Es war mir noch nicht bewusst das man Transistoren auch gezielt 
"verkehrt herum" betreiben kann und das auch noch Sinn macht.
Das ist aber auf jeden Fall schon ein gehöriger Griff in die Trickkiste, 
denn die Daten sind doch wohl nicht spezifiziert, oder gab es das in der 
Vergangenheit auch?

Kai Klaas schrieb:
>>Wollte ich ja nicht. Die Spannungen stellen sich halt ein, wenn an 2
>>Ausgängen eine Spannung anliegt.
>
> Und das ist nicht erwünscht?
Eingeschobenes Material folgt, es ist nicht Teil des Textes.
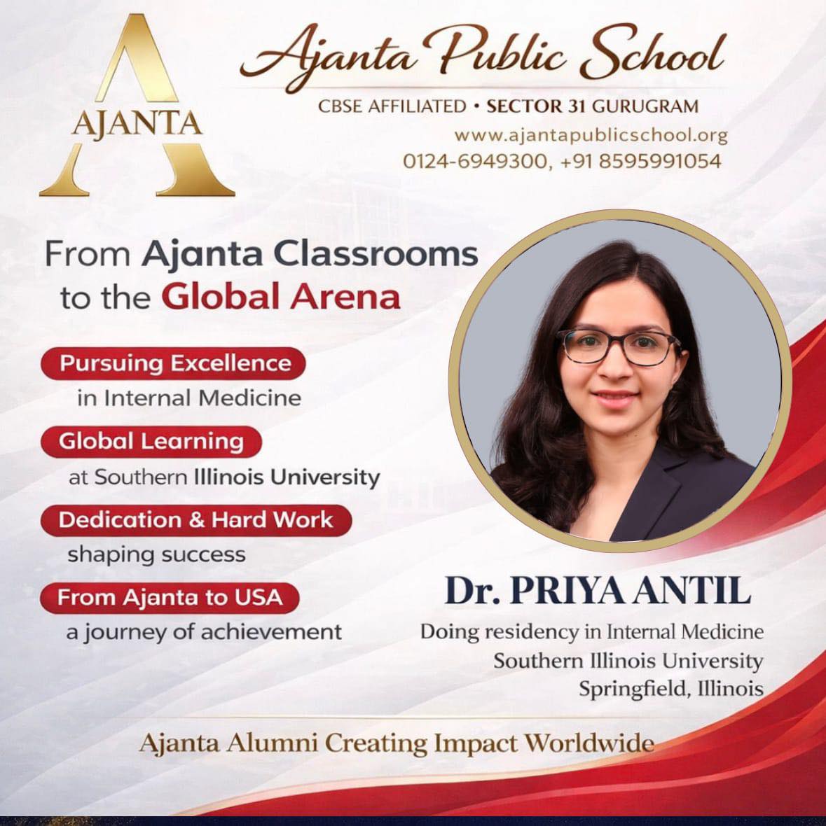 From the classrooms of Ajanta Public School to the global stage, we take immense pride in our alumna Dr. Priya Antil, who is pursuing her residency in Internal Medicine at Southern Illinois University, USA.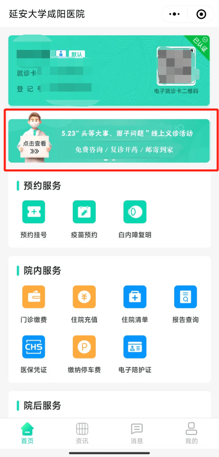 微信識別下方二維碼,即可識別進入“延安大學咸陽醫(yī)院互聯(lián)網(wǎng)醫(yī)院”小程序,注冊后進入義診專區(qū)。
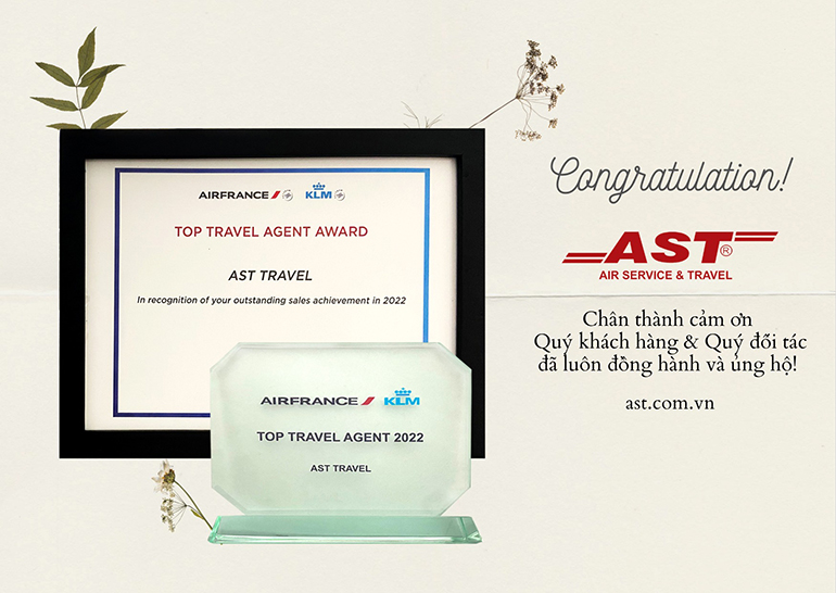 Mở bát đầu năm với giải thưởng "𝗧𝗢𝗣 𝗧𝗥𝗔𝗩𝗘𝗟 𝗔𝗚𝗘𝗡𝗧 𝟮𝟬𝟮𝟮" do HHK Air France KLM trao tặng - Hứa hẹn một năm phát triển và vươn xa hơn nữa!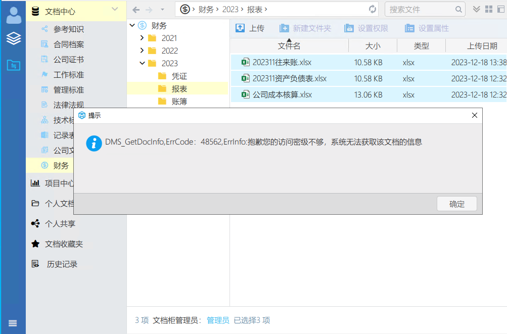 3、有了前兩項設置后,x用戶登錄后,若其針對文件夾是具有瀏覽或下載權限的,但因為,x用戶的涉密等級不夠,從而不能瀏覽或下載超過其涉密的等級的文件。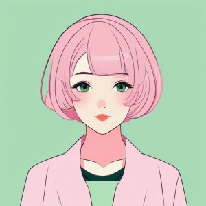 极简主义风格正面少女肖像,中央构图,深紫色纯色背景。平面配色,基础线条,细节极少,表情平静。

Also, dafür, daß genau das nicht passiert,
> gibt es Schutzschaltungen. Zwei Dioden vom Ausgang zu den Rails
> beispielsweise.

Um Dich zu beruhigen - dies passierte nur bei 4V und der Baustein hat 
dies problemlos überlebt.

Ich kann Dir die Problemstellung auch noch weiter erläutern.
Es geht darum eine Schaltung bei Batteriebetrieb möglichst ohne 
(Mehrfach-)Schalter aussser Betrieb nehmen zu können.
Daher wäre mir auch nicht mit einer Schutzschaltung geholfen, denn hier 
würde ja dann trotzdem Strom fliessen.
Der Schaltungsaufwand soll zudem gering bleiben.
Das war hier halt nur eine "Machbarkeitsstudie". :-)

von Kai K. (klaas)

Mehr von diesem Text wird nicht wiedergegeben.